Operational reliability presents another problem: in terrestrial facilities, technicians can often repair a failed component on-site. In space, component-level fixes are constrained by the cost and risk of launching replacement parts and performing service missions. The article argues that even if launch costs decline over time, it is unlikely that servicing individual failures would become cheap enough to match the flexibility of land-based operations.
How fast would orbital compute need to become viable?
The report estimates that the cost of orbital data centers would need to drop by about 70% to become competitive. The article suggests that such improvement could occur over a longer horizon—potentially by around 2040—if launch costs continue to fall at an accelerated rate.
Until that cost compression happens, the market would still rely heavily on terrestrial data centers. That implication ties directly to the near-term demand profile for electricity and grid capacity, which investors increasingly track as AI infrastructure spreads across regions.
Terrestrial power demand could be the bridge to the next phase
Power consumption is central to why AI data centers have faced both cost pressures and community pushback. The International Energy Agency has been cited in the article, saying a ChatGPT query uses about 10 times as much electricity as a Google search. Beyond raw energy use, data centers also generate substantial heat and typically require large cooling systems.

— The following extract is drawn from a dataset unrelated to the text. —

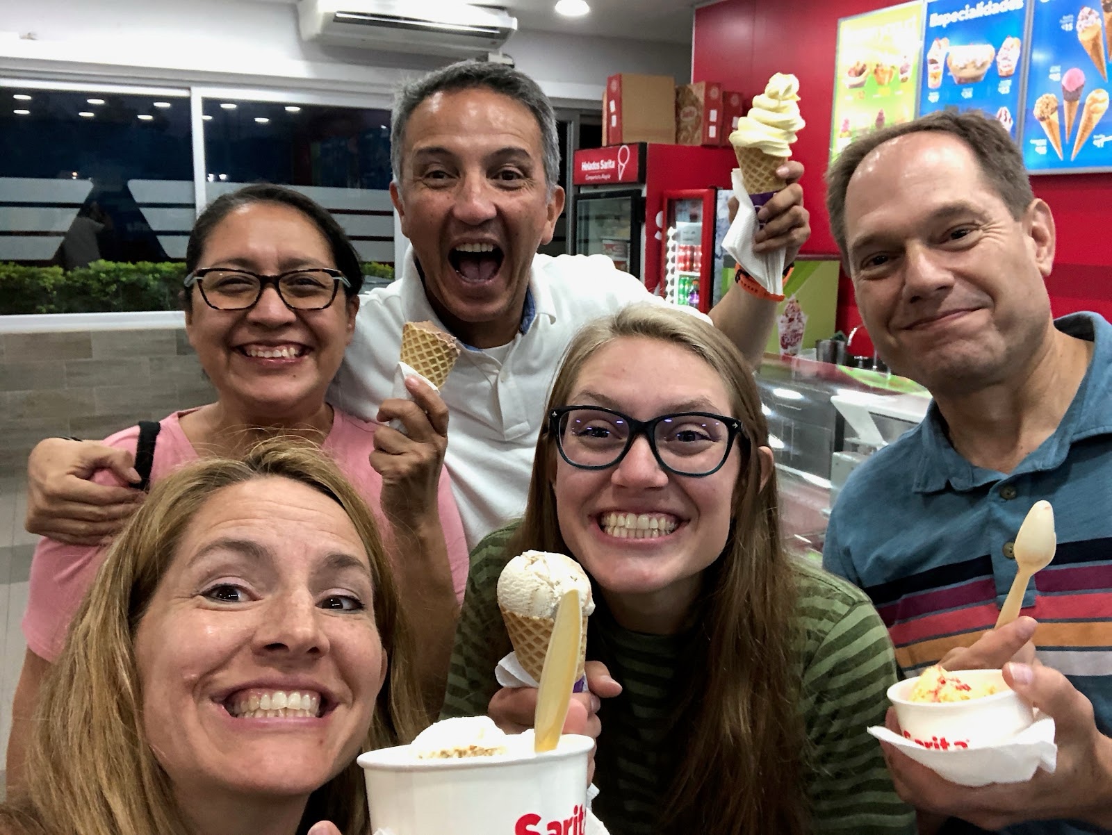 They had fun visiting the Orozco family in Escuintla that day. Sharon reported, "Meeting Mikayla’s friends she met while on her mission was a highlight of our trip and a great way to cap things off! ...the Orozco family took us to have hot chocolate while overlooking a volcano (which we saw blowing smoke and later lava!). Then after ice cream, we went back to their place for tamales. They went out of their way to make sure we had a great day, and we loved meeting them!"

The article highlights that cooling and water needs can vary by approach. It notes that air-cooled systems typically require additional electricity to run fans and related equipment, while liquid-cooled systems can require significant water resources. These factors feed into local concerns about environmental impacts and strain on electricity and water supplies.
As a result, even if orbital concepts eventually reduce some terrestrial constraints, the timeline for feasibility may keep grid expansion urgent in the meantime. The article describes how residents in some areas have used zoning and political channels to prevent proposed AI data centers.
Which companies could benefit if terrestrial growth continues
The article argues that electric utility companies may be positioned to gain as AI load expands on the grid. One highlighted beneficiary is American Electric Power, which the article describes as operating the largest electricity transmission network in the U.S. and serving regions historically associated with large-scale energy development, including Texas, Oklahoma, Louisiana, and Appalachia. The report also mentions that the company has near-monopoly exposure to 765-kilovolt transmission infrastructure.
It further points to American Electric Power’s introduction of a “Data Center Tariff” in Ohio, where data center developers reportedly entered binding contracts for 5.6 gigawatts of data center load. The article frames this as a mechanism that can insulate the utility from financial repercussions if a project’s contracted capacity is not fully utilized or if a project is canceled.
For investors, the implication is straightforward: as long as most AI computing remains on land, grid operators with transmission reach and contractual structures that manage demand risk may capture more of the value from the buildout—even if orbital deployments remain a longer-dated option.
Investors watching this theme may focus next on grid expansion plans, utility permitting and rate structures for data center loads, and any further updates on orbital hardware development and launch economics. On the broader macro side, the pace of AI-related electricity demand, utility capital expenditure guidance, and upcoming energy-policy or regulatory decisions could shape how quickly the market re-prices utilities versus alternative infrastructure concepts.